Available data →
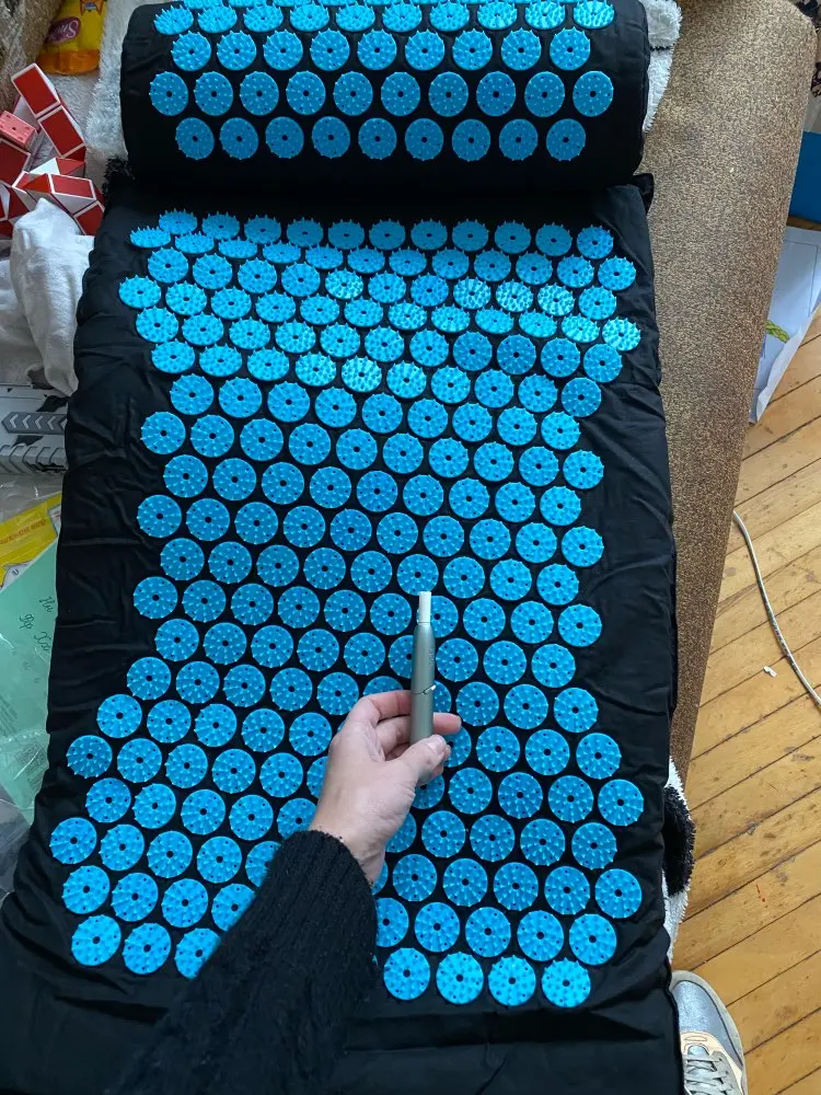 I'm happy! I'm delighted! When I came to Russia quickly. I'm happy with the rug itself. The pillow helped out already and I now love it. I have cervical cancer and often muscles are in spam. In three approaches lay on each side of the neck and that one! My migraine passed and the third day does not appear. I continue to lie down and put children. Since they play sometimes in the phone burned down and then when I wink say hurt in the neck then in the muscles of the back. In general, the thing is magical! I did not regret that I bought it! Thank you seller! Good sales! Love this store sea-malls!!!
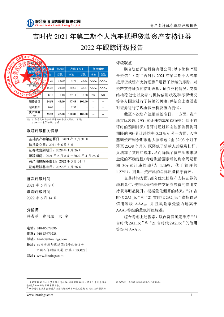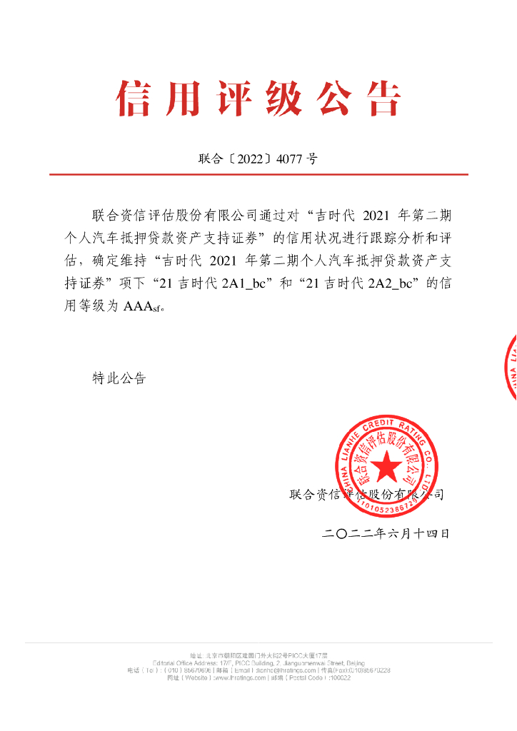 联合资信:吉时代2021年第二期个人汽车抵押贷款资产支持证券2022年跟踪评级报告.pdf
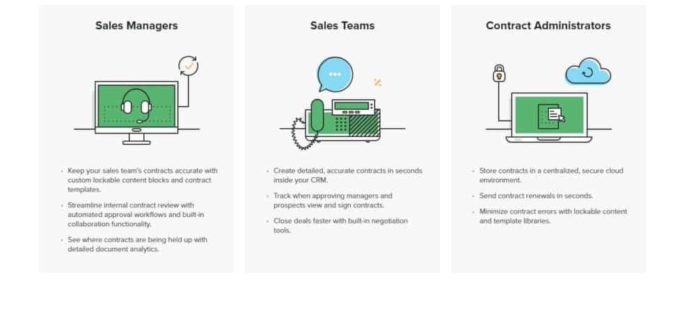 This solution includes creating contracts inside the user’s CRM, streamline contract negotiation and electronically sign contracts on any device. For Sales Managers, they will be able to keep the company’s sales team’s contracts accurate with custom lockable content blocks and contract templates. The Sales Teams will be able to track when approving managers and prospects view and sign contracts as well as Close deals faster with built-in negotiation tools. This minimizes contract errors with lockable content and template libraries.
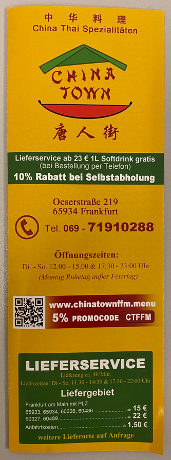 China Town Frankfurt I Speisekarte I Stand 06.2025 I Änderungen jederzeit möglich!
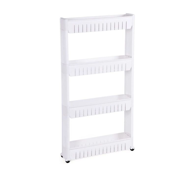 Dit reuze handige 4-laagse rek is slechts 12,7 cm diep en past daardoor in ruimtes die anders verloren zouden zijn. Dankzij de wieltjes verplaats je het rek eenvoudig naar iedere gewenste plek. Erg praktisch in de keuken, maar ook in de badkamer of woonkamer.
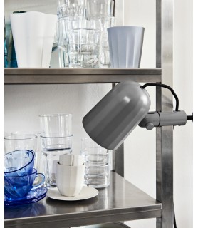 Noc es una lámpara de pinza universal con pantalla de aluminio fundido a presión facetado. Su vástago y clip de aluminio mecanizado ofrece dos puntos de ajuste y se puede usar en tableros de mesa, estantes y cabeceras.
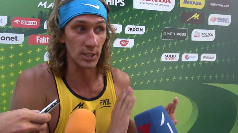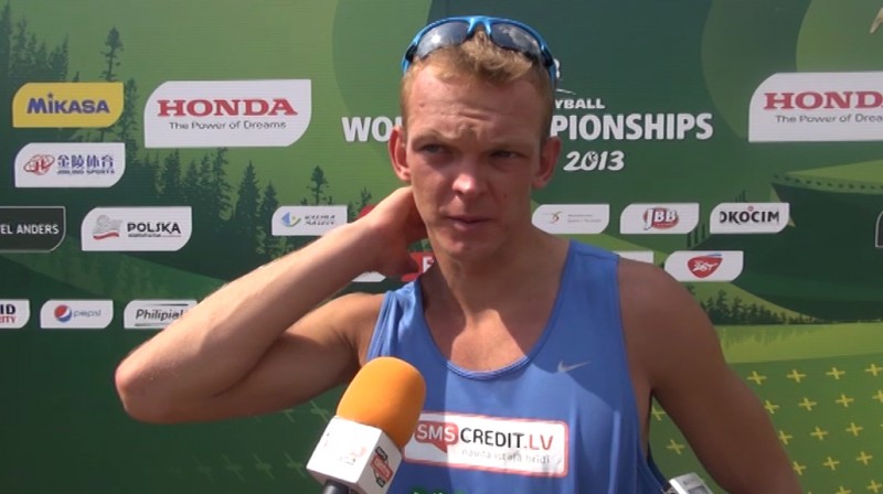 Pirmo uzvaru 2013. gada pasaules čempionātā pludmales volejbolā izcīnījis Latvijas duets Tomš Šmēdiņš un Ruslans Sorokins, kas nervozā trīs setu cīņā (16:21, 21:14, 17:15) pārspēja Nīderlandes vienību ar Dānu Spijkeru Kristiānu Varenhorstu sastāvā. Pēc spēles Sportacentrs.com aprunājās ar Ruslanu Sorokinu

Task brief →
Produce a verbatim copy of all records, minus pictures.

Answer below →
 I'm happy! I'm delighted! When I came to Russia quickly. I'm happy with the rug itself. The pillow helped out already and I now love it. I have cervical cancer and often muscles are in spam. In three approaches lay on each side of the neck and that one! My migraine passed and the third day does not appear. I continue to lie down and put children. Since they play sometimes in the phone burned down and then when I wink say hurt in the neck then in the muscles of the back. In general, the thing is magical! I did not regret that I bought it! Thank you seller! Good sales! Love this store sea-malls!!!
 联合资信:吉时代2021年第二期个人汽车抵押贷款资产支持证券2022年跟踪评级报告.pdf
 This solution includes creating contracts inside the user’s CRM, streamline contract negotiation and electronically sign contracts on any device. For Sales Managers, they will be able to keep the company’s sales team’s contracts accurate with custom lockable content blocks and contract templates. The Sales Teams will be able to track when approving managers and prospects view and sign contracts as well as Close deals faster with built-in negotiation tools. This minimizes contract errors with lockable content and template libraries.
 China Town Frankfurt I Speisekarte I Stand 06.2025 I Änderungen jederzeit möglich!
 Dit reuze handige 4-laagse rek is slechts 12,7 cm diep en past daardoor in ruimtes die anders verloren zouden zijn. Dankzij de wieltjes verplaats je het rek eenvoudig naar iedere gewenste plek. Erg praktisch in de keuken, maar ook in de badkamer of woonkamer.
 Noc es una lámpara de pinza universal con pantalla de aluminio fundido a presión facetado. Su vástago y clip de aluminio mecanizado ofrece dos puntos de ajuste y se puede usar en tableros de mesa, estantes y cabeceras.
 Pirmo uzvaru 2013. gada pasaules čempionātā pludmales volejbolā izcīnījis Latvijas duets Tomš Šmēdiņš un Ruslans Sorokins, kas nervozā trīs setu cīņā (16:21, 21:14, 17:15) pārspēja Nīderlandes vienību ar Dānu Spijkeru Kristiānu Varenhorstu sastāvā. Pēc spēles Sportacentrs.com aprunājās ar Ruslanu Sorokinu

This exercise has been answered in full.